The reconciliation process described in the photos is the diametric opposite of the settling of accounts between the Allied victors and Nazi war criminals at Nuremburg. At Nuremburg, retributive justice was meted out to the Nazi perpetrators, with the hope also of deterring other would-be participants in genocide.
Yet the Nuremburg process strikes the Western mind — at least this Western mind — as far more natural. In The Sunflower: On the Possibilities and Limits of Forgiveness, the late Nazi hunter Simon Wiesenthal relates how, when he was in a forced labor unit in a German military hospital, a nurse summoned him to the bedside of a mortally wounded German soldier. The soldier sought from Wiesenthal absolution for his role in the machine-gunning by SS soldiers of 300 desperate Jews as they tried to escape a burning building. Wiesenthal left the room without responding. He had no authority to grant forgiveness in the name of the Jewish People. And I’m sure each of us would react in the same way.
Even in my fantasy life, the outer limits of my capacity to forgive extend only to the point of urging a judge not to throw the book at, for instance, a young drunk driver responsible for the death of a loved one. But even then I cannot imagine maintaining an ongoing relationship with that person.
I wonder if there is something in traditional African culture that allows for reconciliation.
In those panels at the Cape Town Holocaust and Genocide Centre, there are two amazing transformations. The most obvious is that of the victims, who describe themselves as not wishing to be consumed by hate and recognizing its futility to bring back their slaughtered loved ones.
But there is also the evident sincerity of the perpetrators, who are overcome with remorse and consumed by the magnitude of their crimes. I have not read any such confessions, as far as I can recall, from Nazi SS participants in the Einsatzgruppen, mobile killing units, or sadistic concentration camp guards.

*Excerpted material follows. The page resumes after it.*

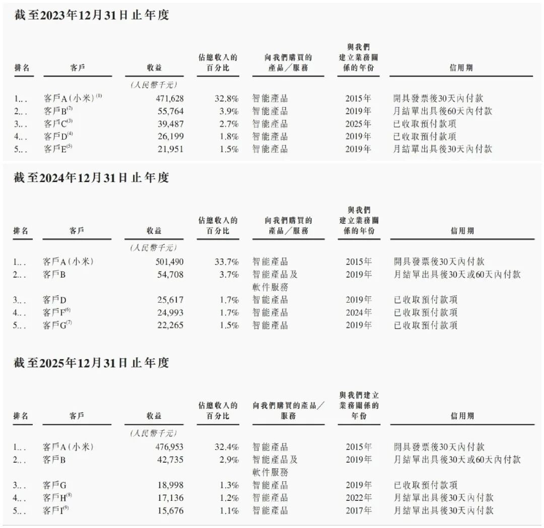 小米是绿米的单一最大客户,2023年至2025年,绿米来自小米的收入分别为4.716亿元、5.015亿元和4.770亿元,占当年总收入的32.8%、33.7%和32.4%,三年来这个比例几乎没有变化。2023年至2025年,绿米来自五大客户的合计收入分别为6.150亿元、6.291亿元和5.715亿元,占总收入的42.7%、42.3%和38.9%,2025年略有下降,主要是第二至第五大客户收入缩减。

Sincere regret expressed directly to the victims of one’s actions is difficult, even for far less heinous crimes. Theodore Dalrymple writes in the current City Journal of a tipsy Cambridge law student who responded to a homeless man who solicited a handout by burning a 20 pound note in front of him. “He took pleasure in the pain he knew [his action] would cause, in the extra humiliation inflicted upon a man already in a humiliating position,” writes Dalrymple.

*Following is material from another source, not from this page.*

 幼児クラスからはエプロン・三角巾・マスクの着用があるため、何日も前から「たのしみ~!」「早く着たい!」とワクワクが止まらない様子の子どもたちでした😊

Two months later, the young man issued an apology to his fellow Cambridge students, who were the victims of guilt by association when a clip of his behavior went viral. But he apparently could not bring himself to seek forgiveness from the victim himself or to view his act as anything more malevolent than could be cured by greater awareness of the dangers of drinking and a course in social inclusion. The homeless man, for his part, was more generous, allowing that he had suffered worse, including being kicked and spat upon.
I AM UNSETTLED by the panels of the Rwandan reconciliation, and torn between viewing the forgiveness of the victims as both superhuman and somehow inhuman. And I’m frustrated by my inability to derive any non-trite lesson from the panels beyond the need to confront honestly the pain and harm we inflict on others, on the one hand, and, on the other, to let go of our trivial, or even not so trivial, grievances and hurts.